Marie-Pierre de La Gontrie, nous sommes dans une période particulière post-États généraux de la justice, qui prônaient une vision de l'institution à 360°. Pour le moment, le budget est entre deux eaux parce qu'il est difficile de faire de la planification budgétaire tant qu'on ne connaît pas les réformes qui seront engagées. Le projet de loi de finances se contente d'essayer de rattraper les conséquences de plusieurs années de décrochage budgétaire.
Dany Wattebled, vous pointez une difficulté essentielle : l'embauche de contractuels qui appartiennent à des statuts très variés peut poser des difficultés en juridiction. À titre d'exemple, en audition, l'association des juristes assistants de magistrats nous a ainsi indiqué qu'il était très difficile, pour ces personnels, de trouver leur place parmi les professionnels qui travaillent avec les magistrats, alors qu'aucune doctrine sur une véritable « équipe du magistrat » n'existe encore. Pour répondre à votre question, les juristes assistants sont titulaires d'un master ou d'un doctorat avec deux ans d'expérience professionnelle dans le domaine juridique.
Aujourd'hui, ce qui importe, c'est de structurer les équipes autour du juge. Il est donc nécessaire de procéder à une réorganisation structurelle au-delà de la hausse ponctuelle des moyens humains. Les embauches doivent être pérennes. Le recours systématique aux agents contractuels n'est pas la solution, même si les postes sont pérennisés. On constate que certains des agents contractuels ont été recrutés sur des postes de communicants ou pour servir de relais avec les élus locaux. Or, ces postes ne sont pas au coeur de l'action de la justice judiciaire, ce qui peut interroger.
Je ne peux malheureusement pas répondre de manière précise à la question d'Alain Marc sur l'évolution des délais de paiement de l'aide juridictionnelle.
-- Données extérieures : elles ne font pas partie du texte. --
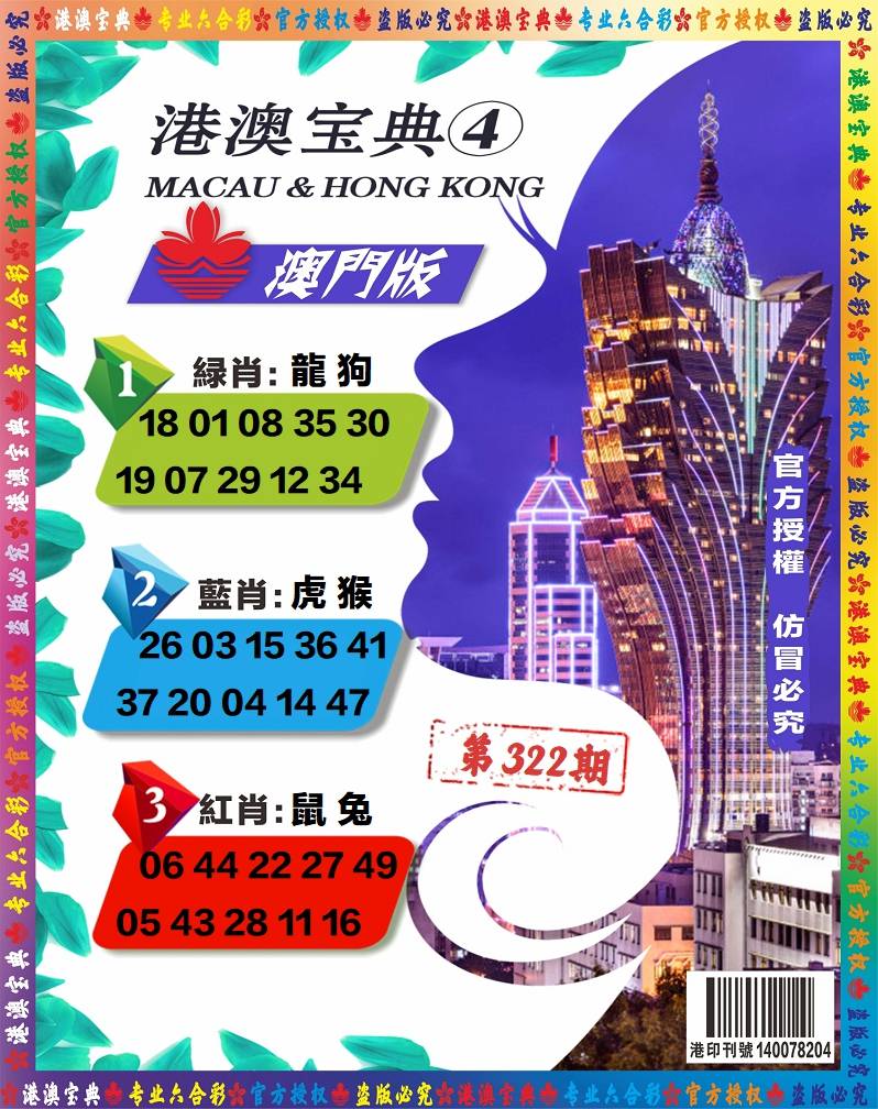 | 320期五码 | 18 04 47 44 08 | 开:狗08 |

Ces délais ont toutefois vocation à s'améliorer avec la mise en place du nouveau système d'information de l'aide juridictionnelle (SIAJ).
Muriel Jourda, vous parlez du paradoxe entre l'allongement des délais de jugement et la diminution des stocks. Vous avez raison : les deux vont de pair. L'allongement des délais de jugement a pour corollaire le vieillissement du stock d'affaires à traiter. Je vous ai donné l'exemple du civil, où le stock a « vieilli » en dix ans, en passant de 13 à 18 mois. Ce que le garde des Sceaux nous a indiqué, c'est que grâce notamment au recrutement de contractuels ces dernières années, ce stock avait commencé à diminuer entre 2021 et 2022, de 13 %. Les dossiers qui restent en stock sont d'ailleurs souvent les plus complexes. Cette situation est d'autant plus préoccupante que la procédure pénale a tendance à se complexifier d'année en année.
Philippe Bas, il est effectivement nécessaire d'améliorer l'évaluation des besoins de l'institution. Le garde des Sceaux nous a indiqué que le travail sur l'évaluation de la charge de travail des magistrats devrait être achevé avant la fin de l'année. Les magistrats que nous avons entendus sont associés à ce travail et plutôt satisfaits de cette démarche qu'ils appelaient de leurs voeux depuis longtemps. Nous attendons toutefois d'en voir le résultat. En ce qui concerne les greffiers, l'évaluation se fait par le biais d'Outilgreffe, une application qui ne permet qu'une appréciation quantitative et non pas qualitative. Si cet outil a le mérite d'exister, il faudrait aussi pouvoir le faire évoluer.
Comme vous, nous déplorons chaque année la sous-consommation des crédits d'investissement. Cette situation est liée à la structure même de l'ingénierie du ministère de la justice qui est mauvais gestionnaire de patrimoine et mauvais conducteur de travaux. C'est aussi le cas pour les investissements en informatique, par exemple. Les effectifs des fonctions support sont progressivement renforcés pour disposer de réelles compétences en matière de gestion de projets immobiliers ou informatiques. On nous explique aussi souvent que les projets de construction d'établissements pénitentiaires sont freinés par la résistance des élus locaux mais il s'agit plutôt, à mon sens, d'une incapacité du ministère à prendre en main ces sujets.
Sur la question de la prise en charge des personnes radicalisées dans les établissements pénitentiaires, je laisserai Alain Marc vous répondre car ce sujet relève du budget de l'administration pénitentiaire.
Concernant la formation des étudiants, je partage l'avis de Brigitte Lherbier : il convient de multiplier les liens entre l'institution judiciaire et la formation initiale et continue. Il me semble également indispensable de favoriser l'apprentissage en milieu judiciaire qui en est aujourd'hui complètement absent.